SMP nodes are appropriate for programs that are parallelized using the shared memory framework. They are also appropriate for those who want to move up to supercomputers while keeping the programming style of their laptops, such as runing MATLAB. These nodes have up to 512GB of shared memory.

HTC nodes are designed for High Throughput Computing workflows such as sequence analysis and some data-intensive analytics.

MPI nodes are for tightly-coupled codes that are parallelized using the Message Passing Interface (MPI) and benefit from the low-latency Omni-Path (OP) or Infiniband (IB) interconnect fabrics.

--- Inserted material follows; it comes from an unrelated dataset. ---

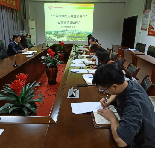 为了做好2019级大学生心理健康测评工作,10月21日下午五点半,万象城官网在思政部会议室召开大学生心理健康测评工作专题会暨“大学生心理健康测评系统”心理辅导员培训会,会议由校党委委员、宣传部部长兼思政部主任袁旗主持,心理健康教育中心工作人员和各二级学院心理辅导员参加了会议。

GPU nodes are targeted for applications specifically written to take advantage of the inherent parallelism in general purpose graphics processing unit architectures.

 

Hardware Specifications

SMP Standard

132 nodes of 24-core Xeon Gold 6126 2.60 GHz (Skylake)
           192 GB RAM
           256 GB SSD & 500 GB SSD
            10GigE

24 nodes of 12-core Xeon E5-2643v4 3.40 GHz (Broadwell)
            256 GB RAM
            256 GB SSD & 1 TB SSD
            10GigE

SMP Specialty

2 nodes of 12-core Xeon E5-2643v4 3.40 GHz (Broadwell)
            256 GB RAM
            256 GB SSD & 3 TB SSD
            10GigE

2 nodes of 12-core Xeon E5-2643v4 3.40 GHz (Broadwell)
            512 GB RAM
            256 GB SSD & 3 TB SSD
            10GigE

1 node of 12-core Xeon E5-2643v4 3.40 GHz (Broadwell)
            256 GB RAM
            256 GB SSD & 6 TB NVMe
            10 GigE          

HTC

4 nodes of 24-core Xeon Gold 6126 2.60 GHz (Skylake)
        384 GB RAM
        256 GB SSD  & 500 GB SSD
        FDR Infiniband

20 nodes of 16-core Intel Xeon E5-2630v3, 2.4GHz (Haswell-EP)
        256 GB RAM
        256 GB SSD
        FDR Infinibanb

MPI - OP1

96 nodes of 28-core Intel Xeon E5-2690 2.60 GHz (Broadwell)
        64 GB RAM
        256 GB SSD
        100 Gb Omni-Path

MPI - OP2

36 nodes of 28-core Intel Xeon Gold 6132 2.60 GHz (Skylake)
        192 GB RAM
        256 GB SSD & 500 GB SSD
        100 Gb Omni-Path

MPI - IB

32 nodes of 20-core Haswell (E5-2660 v3) 2.6 GHz (Haswell)
        128 GB RAM
        256 GB SSD
        FDR InfiniBand

GPU

5 nodes with 4 NVIDIA Titan GPGPUs/node
7 nodes with 4 NVIDIA Titan X GPGPUs/node
18 nodes with 4 NVIDIA GeForce GTX 1080 GPGPUs/node
1 node with 2 NVIDIA K40 GPGPUs
1 nodes with 4 NVIDIA V100 32GB GPGPUs/node

 

Technical Support and Funding

The cluster compute nodes were purchased with funds provided by the University and by faculty researchers. The systems are housed at the enterprise-level Network Operations Center (NOC) and are administered jointly with Computing Services and Systems Development (CSSD). CSSD maintains the critical environmental infrastructure (power, cooling, networking) and administers the cluster operating systems and storage backups. CRC interfaces directly with researchers and provides software installation services, training workshops, and personalized consultation on improving software design/performance and computational workflows. The road map for research computing infrastructure are developed jointly by CRC and CSSD to meet the emerging needs of researchers at the University.

Connectivity between the NOC and main campus is via two 100Gbps fibers and to Internet2 via 100Gbps. The global storage is comprised of a 130TB Isilon home space (which is backed up), a 450 TB Lustre parallel filesystem, two 500TB ZFS filesystem for archival, and a 1.6PB BeeGFS parallel filesystem.

This infrastructure is designed for future scaling via additional resources funded by research instrumentation grants, internal University funds, or faculty contributions from grants or start-up funds. 

The cluster operating systems are Redhat Enterprise Linux 6 and 7. A very wide range of major software packages are licensed and installed on the cluster, ranging from quantum mechanics (e.g., Gaussian, Molpro, VASP, CP2K, QMC), to classical mechanics (e.g., NAMD, LAMMPS, Amber), to continuum mechanics (e.g., Abaqus, ANSYS, COMSOL, Lumerical), to genomics analysis suits (e.g., Tophat/Bowtie, CLCb Genomics Server).